Man könnte das Album gut mit Kopfhörern auf dem Dubliner Vorortszug hören. Den Blick aufs Meer gerichtet, jeden dieser luftig-melancholischen Songs einer der Wolken über der Irischen See gewidmet.
Album
Villagers
That Golden Time
(Domino 2024)
Beschwingter Andensound
Vor bald 30 Jahren löste Ry Cooders «Buena Vista Social Club» die Salsa-Welle aus. Weit vielfältiger war dann der Sound von Leuten wie La Yegros mit ihrer hippen Andenmusik, in die sich nebst der Cumbia andere Folkloren Süd- und Mittelamerikas mischten.

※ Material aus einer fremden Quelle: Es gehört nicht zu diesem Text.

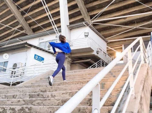 白いジャージとレギンスを着たナヨンは、飲料を持って爽やかな笑顔を見せたり、階段を走り登ったりしている。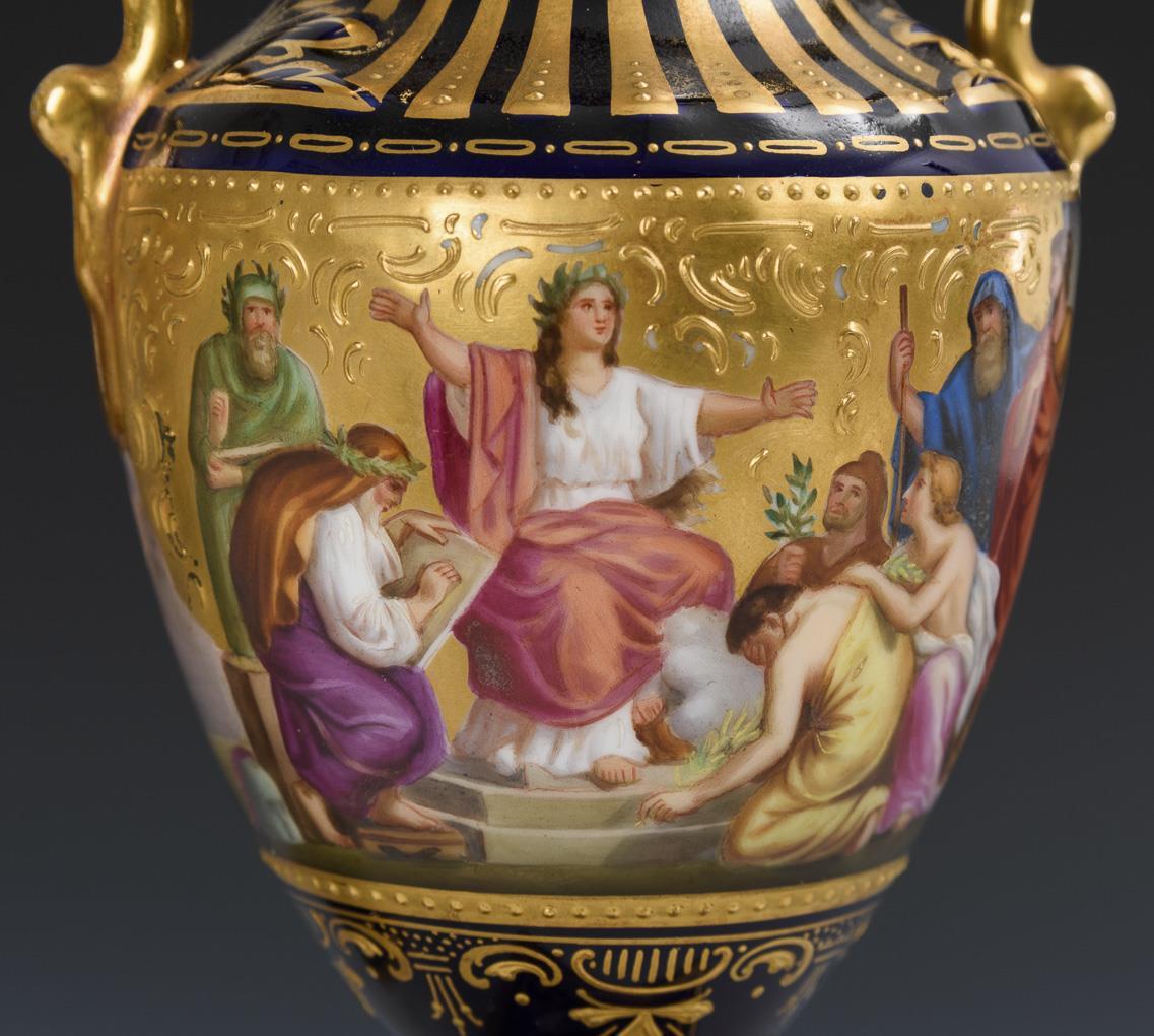 Halbovoider Korpus, eingezogener Hals, zwei geschwungene Henkel, Rundfuß; auf Quadratplinthe und Quadratsockel. Kobaltfond mit reicher ornamentaler, teils reliefierter Goldmalerei; auf der Wandung fein gemalte, unterseitig undeutlich bezeichnete mythologische Szenen vor Goldfond. 1x am Korpusansatz geklebt, minimaler Goldabrieb bzw. partiell kleine Fehlstellen am Reliefgold.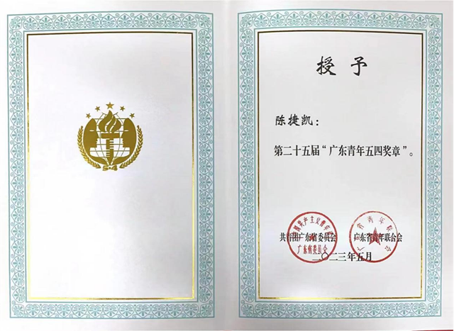 日前,中國科學(xué)院廣州生物醫(yī)藥與健康研究院陳捷凱研究員獲得“第二十五屆廣東省五四青年獎(jiǎng)?wù)隆保▊€(gè)人)表彰。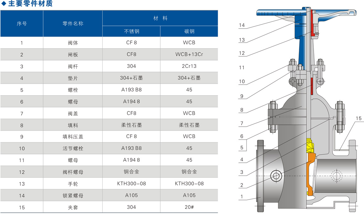 ③阀盖中道垫片形式:PN10~PN40闸阀采用不锈钢石墨复合垫片;PN63~PN100闸阀采用不锈钢石墨缠绕垫片; PN160自密封闸阀采用自压密封金属环。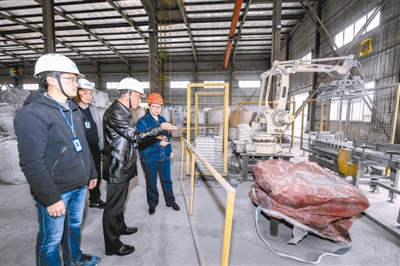 3月28日,长兴县应急管理局的工作人员在车间内对包装环节机械臂操作的防护措施进行现场查看,并提出指导意见。
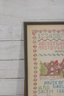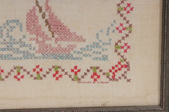 The piece is noted as a vintage sample designed by D. Primm (visible along the lower edge), adding to its collectible appeal. The soft pastel threads and classic cross-stitch design give this piece a warm, nostalgic quality perfect for traditional or colonial-style décor.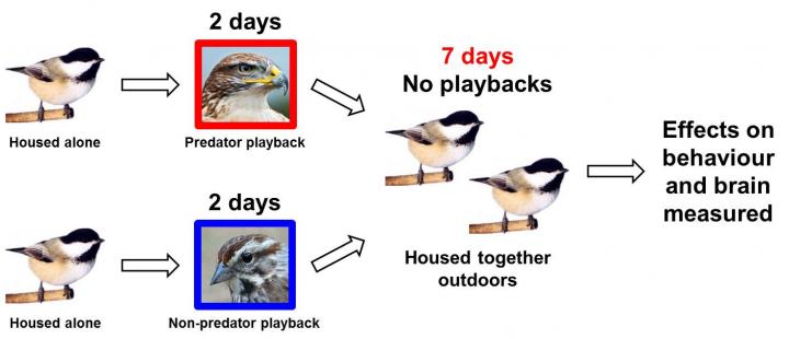 The team conducted the study on wild-caught, black-capped chickadees at Western's Advanced Facility for Avian Research (AFAR). For two days, individual birds were exposed to audio playbacks of the vocalizations of either predators or non-predators and then housed together in flocks outdoors for seven days during which time they were not exposed to any further experimental cues. After this seven-day period, enduringly fearful behaviour was quantified by measuring each individual's reaction to hearing a chickadee alarm call, and long-lasting effects on the neural circuitry of fear were assessed by measuring the levels of a genetic transcription factor in the brain (amygdala and hippocampus).

Längst ist die Argentinierin zur Queen of Nu Cumbia geworden. Auf ihrem Album dudeln Andenflöten zu Akkordeons, synkopierte Trommeln zu sirrenden Synthie-Linien.
La Yegros
HAZ
(X-Ray Productions 2024)
In vier äthiopischen Sprachen
Die italo-äthiopische Sängerin Gabriella Ghermandi hat die Musik ihrer ostafrikanischen Vorfahren studiert, die sich im letzten Jahrhundert bis zum Ethiojazz entwickelte. Mit dem musikethnologischen Atse Tewodros Project legt sie das Album «Maqeda» vor, das einen anderen, nicht minder mitreissenden Afrosound offenbart. Ghermandi und Co. singen in den vier äthiopischen Sprachen Amharisch, Gofa, Gamo und Kumana.
Atse Tewodros Project
Maqeda
(Galileo Music 2024)
Mit Pep aus Korea
Wer in die fernöstliche Klangwelt hineinhören will, kann beim K-Pop beginnen. Der Sound südkoreanischer Boy- und Girlgroups beruft sich auf alte Musiktraditionen.
Die zahlreichen Bands und Hits ähneln sich in ihrer artifiziellen Machart, indem digitale Beats mit oft mehrstimmigem und durch Autotune verfremdetem Gesang und Rap überlagert wird. Die Band Ateez zählt seit 2018 zu den Stars und legt nun ihre zehnte EP vor.